(MATERIAL TO PROCESS begins)

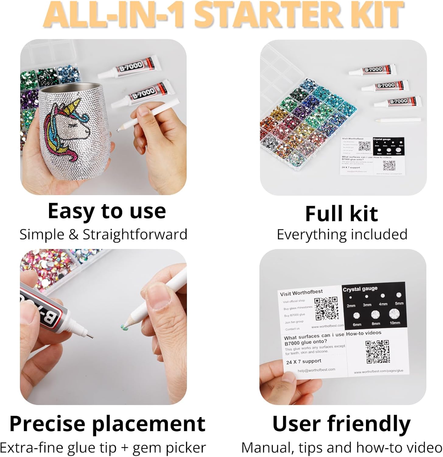 • B7000 Clear Glue for Half Pearls -- B7000 glue has strong adhesion and dries clear, waterproof when dried, non-toxic and harmless to the skin. The glue has a precision needle for easy application, they can be applied precisely
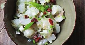 Plat traditionnel d’Amérique du Sud, cette entrée se cuisine avec des filets de rascasse crus, assaisonnés de câpres, anchois et, jus de citrons.
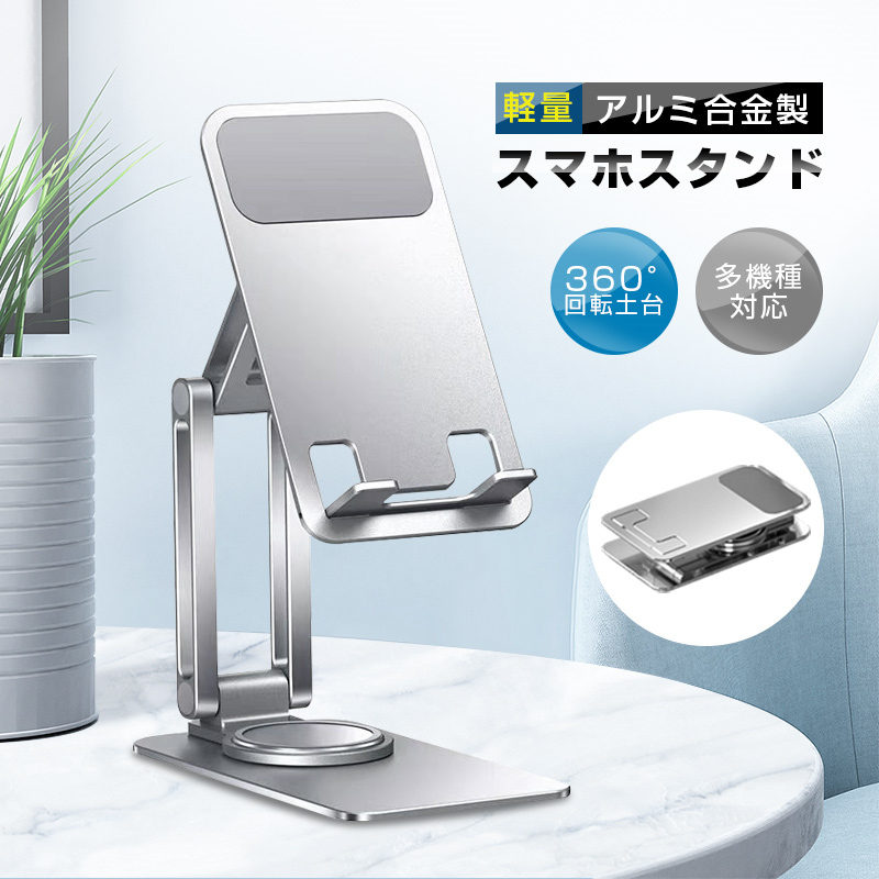 スマホスタンド 折りたたみ タブレットスタンド スマホホルダー 卓上 手帳型ケース対応 アルミ素材 スマホ置き 三段階調節 可動軸 高さ調整 シリコンパッド
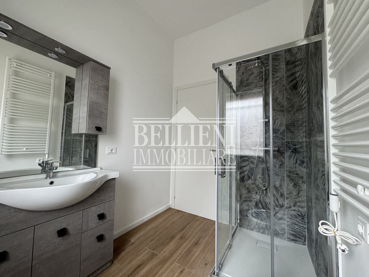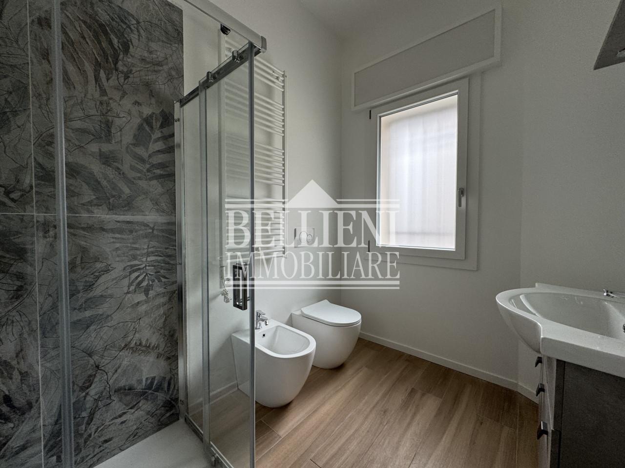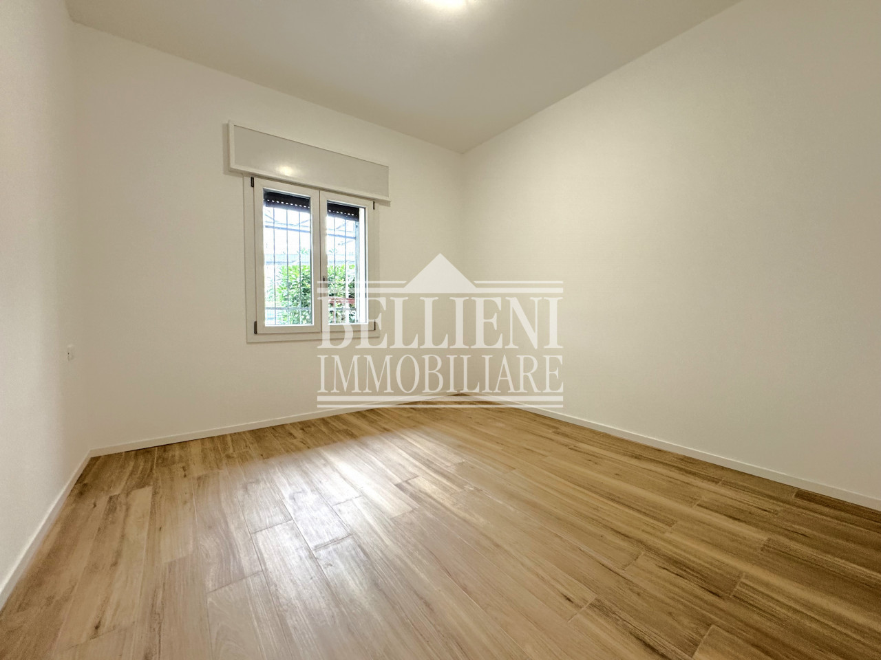 SAN BORTOLO: For rent, a ground floor apartment recently renovated in a small building. The property consists of an entrance leading to the living area with access to the exclusive garden. The sleeping area includes two bedrooms, a windowed bathroom with shower, and a convenient storage room that can be used as a laundry room. The apartment is completed by air conditioning in all rooms and an assigned covered parking space. Very low management costs since the property is entirely electric (induction hob; heat pump).
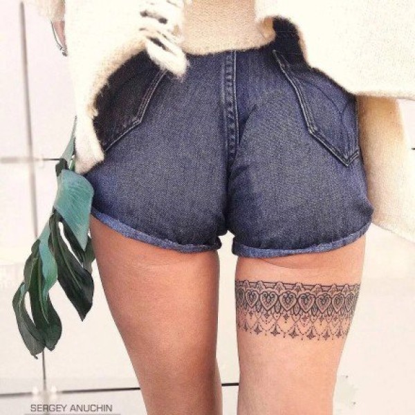 女生的黑灰色梵花性感纹身图案
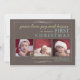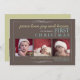 Holiday message reads 'peace love joy and kisses, it's <baby's> first christmas' in this very sweet design that's customised with your baby's name and features three photos. In sage green and teal on a trendy mocha brown background, it's playful, fun and definitely unique. Also available in a pink colour scheme for girls:
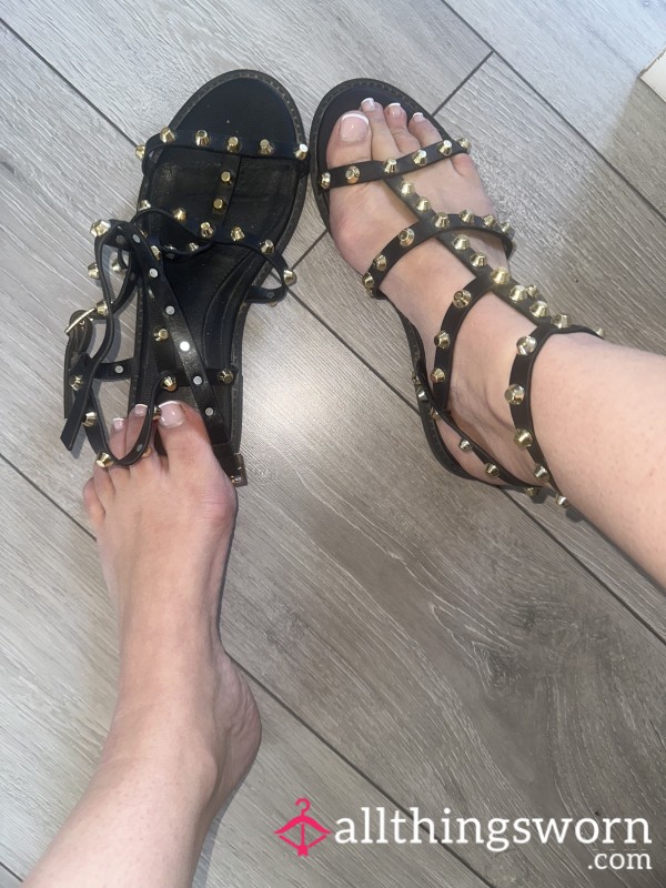 Heavily worn, pointy, shiny, flat, black, office shoes with a s**y strap, smell incredible...
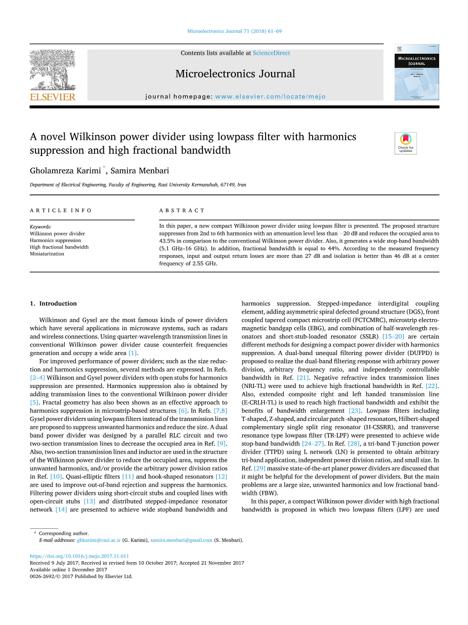 采用谐波抑制和高分数带宽低通滤波器的新型威尔金森功率分配器
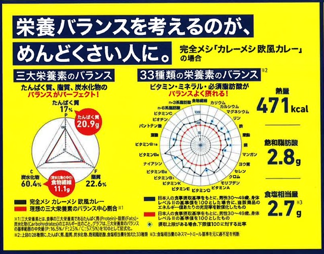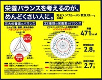 「完全メシ」とは、見た目や味わいはそのままで栄養バランスが考えられた食品。厚生労働省「日本人の食事摂取基準」で設定された33種の栄養素とたんぱく質・脂質・炭水化物をバランスよく摂取できる。「インスタント食品なのに管理栄養士の9割が推奨」「栄養バランスを考えるのが、めんどくさい人に。」というコピーも忙しい現代人には魅力的だ。
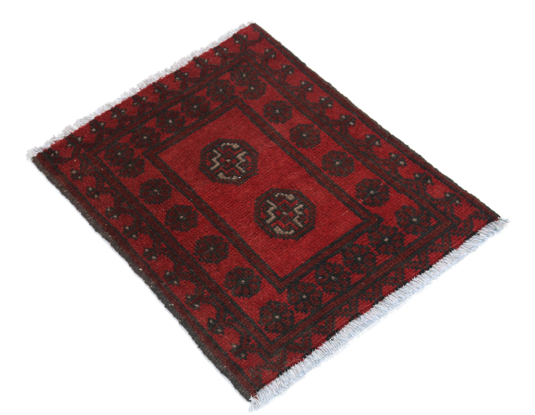 Hand-Knotted Afghan Tribal Geometric Wool Rug - 1'6" x 1'9"
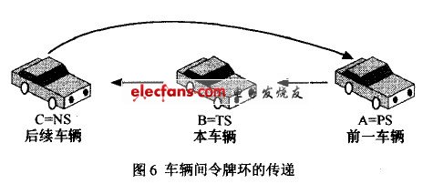 除了基于CSMA/CA和時隙類的MAC協(xié)議外,還有一些其他類型的MAC協(xié)議,如令牌環(huán)。在具備GPS系統(tǒng)的車輛問可以使用基于非競爭性的令牌環(huán)接入方式(如WTRP協(xié)議),以提高信道利用率,避免信道沖突,更能滿足車輛間安全預(yù)警通信的時延要求。在車載自組網(wǎng)中應(yīng)用令牌環(huán)的主要思想:在廣播信道上通過令牌組成邏輯環(huán)來控制信道的接入,為表述方便,稱本車輛(對應(yīng)通信網(wǎng)絡(luò)中的本地節(jié)點)為TS(this station);前一車輛(對應(yīng)通信網(wǎng)絡(luò)中的上一節(jié)點)為PS(previous station);后續(xù)車輛(對應(yīng)通信網(wǎng)絡(luò)中的后續(xù)節(jié)點)稱為NS(next smtion)??紤]實際車輛隊列中,設(shè)車輛A,B,C構(gòu)成隊列,隊列內(nèi)采用無線令牌環(huán)協(xié)議,三輛車組成邏輯令牌環(huán),令牌傳遞順序為A—B—C—A。設(shè)某一時刻B為令牌擁有者,令B為TS,相應(yīng)的A為PS,C為NS。網(wǎng)絡(luò)結(jié)構(gòu)示意如圖6所示,圖中箭頭方向表示令牌傳遞方向,當(dāng)車輛持有令牌后才能開始進(jìn)行數(shù)據(jù)的發(fā)送,而那些沒有持有令牌的車輛只能進(jìn)行數(shù)據(jù)的接受。當(dāng)傳送完一定的數(shù)據(jù)后,令牌擁有者把令牌傳遞給后續(xù)車輛,開始下一輛車的數(shù)據(jù)傳送。
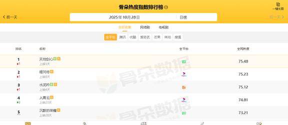 电视剧全网热度榜,《暗河传》跌至第二,第一热度高达75.48

(MATERIAL TO PROCESS ends)

**EXERCISE DETAILS**
The copy must start at the line containing "Heavily worn, pointy, shiny, flat, black, office" and end at the last line of the data, matching each line exactly. It must hold no pictures.

**ANSWER FOR THIS EXERCISE**
 Heavily worn, pointy, shiny, flat, black, office shoes with a s**y strap, smell incredible...
 采用谐波抑制和高分数带宽低通滤波器的新型威尔金森功率分配器
 「完全メシ」とは、見た目や味わいはそのままで栄養バランスが考えられた食品。厚生労働省「日本人の食事摂取基準」で設定された33種の栄養素とたんぱく質・脂質・炭水化物をバランスよく摂取できる。「インスタント食品なのに管理栄養士の9割が推奨」「栄養バランスを考えるのが、めんどくさい人に。」というコピーも忙しい現代人には魅力的だ。
 Hand-Knotted Afghan Tribal Geometric Wool Rug - 1'6" x 1'9"
 除了基于CSMA/CA和時隙類的MAC協(xié)議外,還有一些其他類型的MAC協(xié)議,如令牌環(huán)。在具備GPS系統(tǒng)的車輛問可以使用基于非競爭性的令牌環(huán)接入方式(如WTRP協(xié)議),以提高信道利用率,避免信道沖突,更能滿足車輛間安全預(yù)警通信的時延要求。在車載自組網(wǎng)中應(yīng)用令牌環(huán)的主要思想:在廣播信道上通過令牌組成邏輯環(huán)來控制信道的接入,為表述方便,稱本車輛(對應(yīng)通信網(wǎng)絡(luò)中的本地節(jié)點)為TS(this station);前一車輛(對應(yīng)通信網(wǎng)絡(luò)中的上一節(jié)點)為PS(previous station);后續(xù)車輛(對應(yīng)通信網(wǎng)絡(luò)中的后續(xù)節(jié)點)稱為NS(next smtion)??紤]實際車輛隊列中,設(shè)車輛A,B,C構(gòu)成隊列,隊列內(nèi)采用無線令牌環(huán)協(xié)議,三輛車組成邏輯令牌環(huán),令牌傳遞順序為A—B—C—A。設(shè)某一時刻B為令牌擁有者,令B為TS,相應(yīng)的A為PS,C為NS。網(wǎng)絡(luò)結(jié)構(gòu)示意如圖6所示,圖中箭頭方向表示令牌傳遞方向,當(dāng)車輛持有令牌后才能開始進(jìn)行數(shù)據(jù)的發(fā)送,而那些沒有持有令牌的車輛只能進(jìn)行數(shù)據(jù)的接受。當(dāng)傳送完一定的數(shù)據(jù)后,令牌擁有者把令牌傳遞給后續(xù)車輛,開始下一輛車的數(shù)據(jù)傳送。
 电视剧全网热度榜,《暗河传》跌至第二,第一热度高达75.48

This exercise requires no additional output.